- **What this task involves**
Leaving out the pictures, return word for word the stretch of entries below from the line holding "объект культурного наследия" through the line holding "Слуцкий комбинат хлебопродуктов".

- **Records supplied**
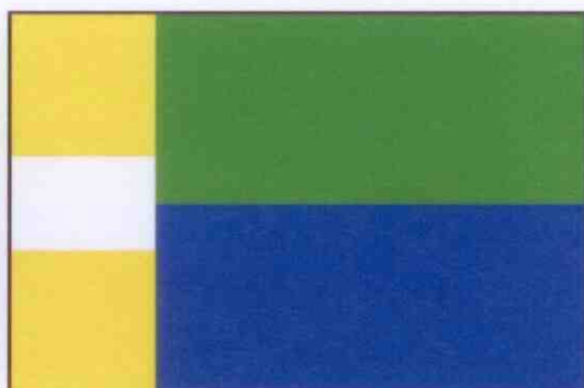
NÁVRH Č. 4
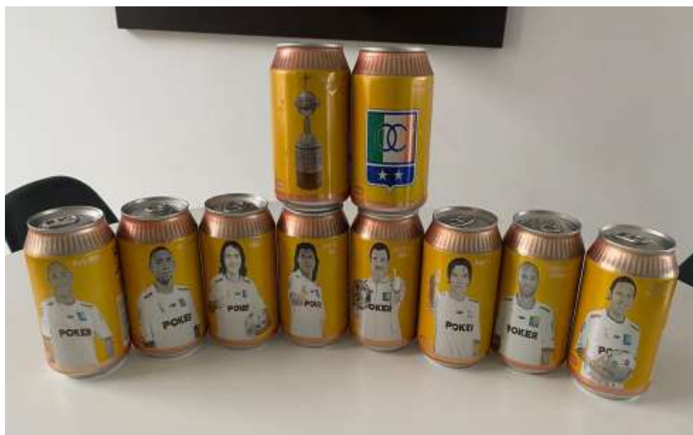
Figura 45. Colección de latas de cerveza en homenaje al club Once Caldas del año 2004

El recuerdo de la prensa deportiva e informativa cada año le ofrece un espacio en periódicos, televisión o redes sociales, al igual que el club y los directivos que intentan apaciguar el enojo y la frustración del aficionado blanco que reclama volver a estas épocas y que no son suficientes las muestras de agradecimientos a las glorias pasadas, siendo necesario ganar de nuevo y vivir momentos como el de la década donde al equipo blanco se le consideró el mejor de Colombia.
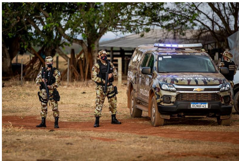
BATALHÃO RURAL DE GEOREFERENCIAMENTO PMMT
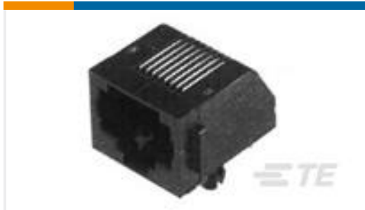
TE 产品编号5557314-1 MJ,LPF,R/A,6P/6C,SMT,TRAY PACK
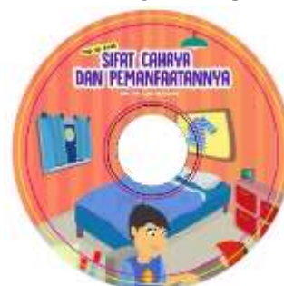
Gambar 3. CD yang Memuat Video Tampilan Modul.

Produk tersebut didokumentasikan dalam bentuk video dan disajikan kedalam suatu Compact Disk sebagaimana pada Gambar 3.
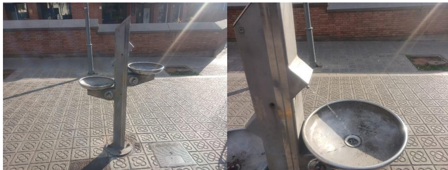
Revisió 15 de febrer de 2023

En data 15 de febrer de 2023, es va fer una nova inspecció de la instal·lació i es va comprovar que funcionava correctament:
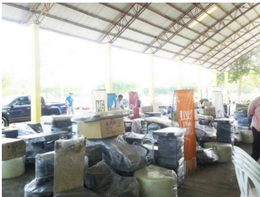
Foto. Equipo otorgado a los beneficiarios de los proyectos aprobados.
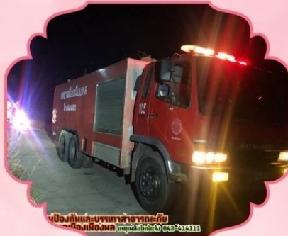
ป้องกันและบรรเทาสาธารณภัย เมืองเมืองพล โทร.043414111
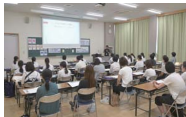
▲1回目の様子 ビジネス科体験 大人気!

☆1回目は約620名が来校! 1回目と内容が異なるため、前回参加していただいた方もぜひご参加を!!
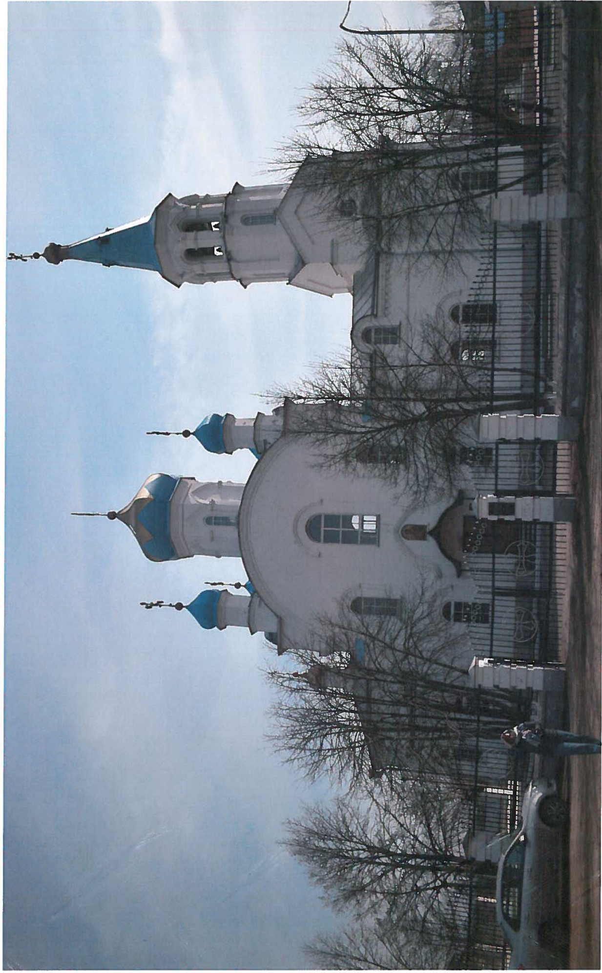
объект культурного наследия регионального значения «Свято-Троицкая церковь»
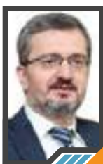
قمة أنقرة التي جاءت في مرحلة ومنعطف حاسمين
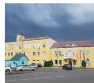
Слуцкий комбинат хлебопродуктов
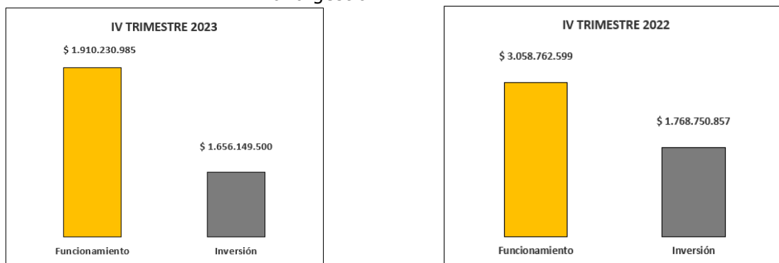
Gráfico N° 1 Cantidad de contratos de personal para la prestación de servicios profesionales y de apoyo a la gestión.

Elaboración propia OCI: Datos extraídos de SIIF Nación – Ejecución presupuestal (octubre a diciembre 2023 vs octubre a diciembre 2022)
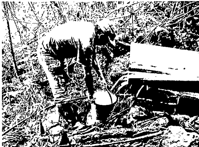
Foto 2. Aforo sobre la quebrada SIN NOMBRE
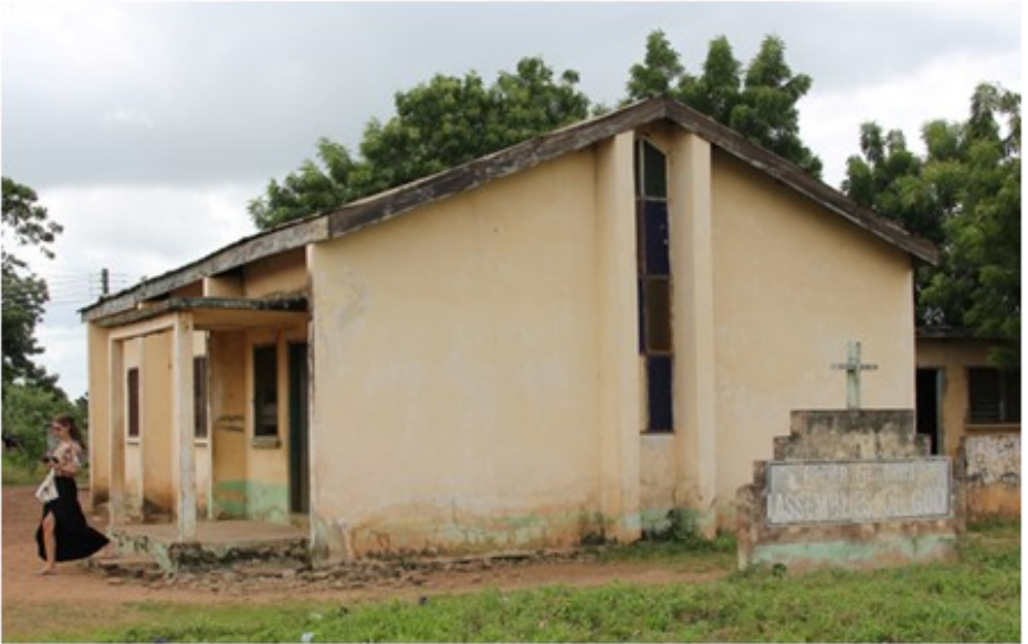
Turner Memorial Church 2000

Gelukkig zagen niet alleen wij, maar ook de kerkleiding in dat een groter gebouw geen overbodige luxe zou zijn. U, als VEG Oldebroek/Elburg hebt toen middels de opbrengst van een dankdagcollecte in 2001 er voor gezorgd dat een begin kon worden gemaakt met de bouw van een nieuw kerkgebouw. Als gezin waren wij net teruggekeerd uit Ghana. Sindsdien zijn wij inmiddels 3x terug geweest in Saboba. In die jaren hebben wij de nieuwe kerk langzaam vorm zien krijgen. U moet begrijpen dat bouwen in Ghana een heel andere zaak is, als in Nederland. Men wacht daar niet tot de hele financiering rond is, maar men begint zodra er wat geld beschikbaar is en stopt als het geld op is. Zo kan de bouw jaren stilliggen totdat er weer geld beschikbaar is.
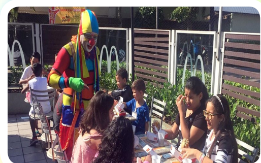
RC de Santos-Praia #TransformeBigMacEmSorrisos
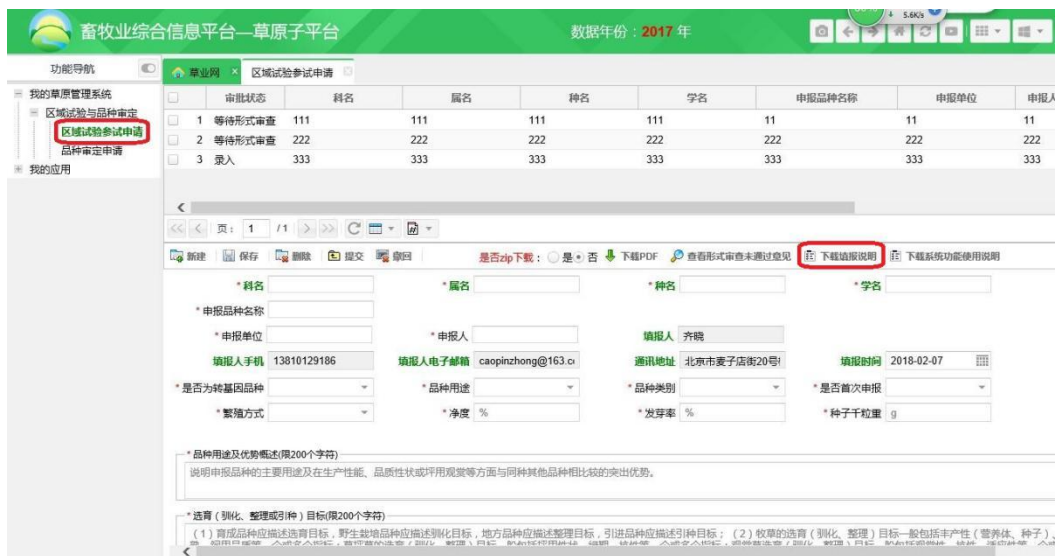
图 3 申报界面

四、登录系统后点击页面左侧导航栏“区域试验参试申请”，进入区域试验参试申请页面（图 3）。点击“下载填报说明”按钮下载填写各栏目和编写各附件（报告、证明等）的具体要求。
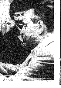
W wyniku pożaru w Rio de Janeiro

Opisuje plewonośników szedli dwu jezior turawskich. Pion ich pokazywał był obity. Wyłowiono m. in. dwa tranzytorowe radiolodniarki, plecak z kompletnym wyposażeniem turystycznym, walizkę z gariturem i kocznią noniron, dwa zegarki na reke, przedmiot 19 tyś. złotych, kostki piasku, 16 kłosek oraz górna szufla szufla. W czasie plewonośniczych wycieczek na dnie jezior 117 tonik różnego rodzaju przedmiotów.

- **Result for this exercise**
объект культурного наследия регионального значения «Свято-Троицкая церковь»
قمة أنقرة التي جاءت في مرحلة ومنعطف حاسمين
Слуцкий комбинат хлебопродуктов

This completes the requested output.